When matters take that shape a girl must quit school. And yet Sidonie, when after a short vacation the school resumed its sessions, resumed with it. Toutou, who had to admit now that his sister was even more grand for her age than he, was always available for protection. There was no wonder that Sidonie wished to continue; Bonaventure explained why:
“So interesting is that McGuffey’s Third Reader!”
Those at home hesitated, and presently it was the first of October. Now it was too late to withdraw; the examination was to take place. The school’s opponents had expressed little impatience at the State Superintendent’s weary delay, but at length Catou asked, “Why dat man don’t nevva come!”
“The wherefore of his non-coming I ignore,” said Bonaventure, with a look of old pain in his young face; “but I am ready, let him come or let him come not.”
“’Tain’t no use wait no longer,” said Catou; “jis well have yo’ lil show widout him.”
“Sir, it shall be had! Revolution never go backwood!”

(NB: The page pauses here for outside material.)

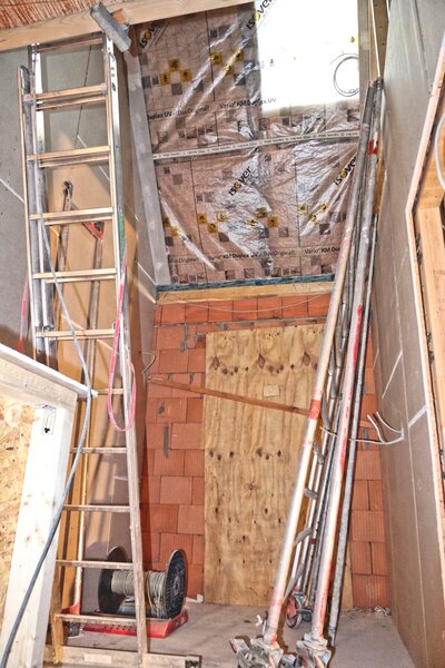 Die Dachklempner haben auch ihre Arbeiten abgeschlossen und demnächst werden im gesamten Haus die Fenster eingebaut.

Much was the toil, many the anxieties, of the preparation. For Bonaventure at once determined to make the affair more than an examination. He set its date on the anniversary of the day when he had come to Grande Pointe. From such a day Sidonie could not be spared. She was to say a piece, a poem, an apostrophe to a star. A child, beholding the little star in the heavens, and wondering what it can be, sparkling diamond-like so high up above the world, exhorts it not to stop twinkling on his account. But to its tender regret the school knew that no more thereafter was Sidonie to twinkle in its firmament.
“Learn yo’ lessons hard, chil’run; if the State Sup’inten’ent, even at the last, you know”—Bonaventure could not believe that this important outpost had been forgotten.